((

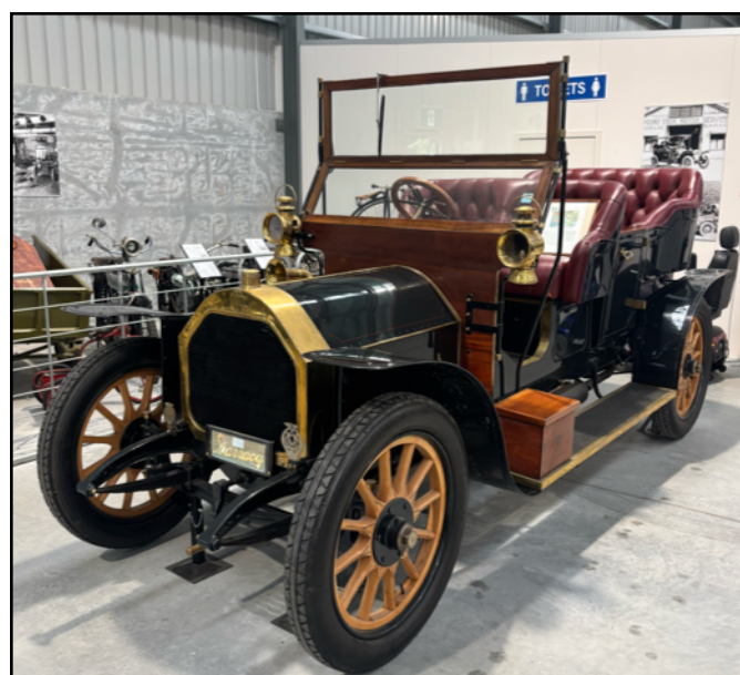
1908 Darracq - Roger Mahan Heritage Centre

))
((

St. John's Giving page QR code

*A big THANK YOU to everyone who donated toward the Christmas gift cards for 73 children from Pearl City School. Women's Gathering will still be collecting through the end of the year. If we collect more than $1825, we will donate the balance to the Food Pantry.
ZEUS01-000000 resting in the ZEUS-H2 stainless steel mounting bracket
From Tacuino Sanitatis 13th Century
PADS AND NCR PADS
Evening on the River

))
((

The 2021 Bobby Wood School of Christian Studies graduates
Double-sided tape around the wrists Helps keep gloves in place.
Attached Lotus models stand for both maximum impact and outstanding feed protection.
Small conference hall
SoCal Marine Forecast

))

TASK:
Using the entries above, return exactly the lines from the line with "Double-sided tape around" to the line with "SoCal Marine Forecast", counting both of those lines.

ANSWER TO THE PROBLEM:
Double-sided tape around the wrists Helps keep gloves in place.
Attached Lotus models stand for both maximum impact and outstanding feed protection.
Small conference hall
SoCal Marine Forecast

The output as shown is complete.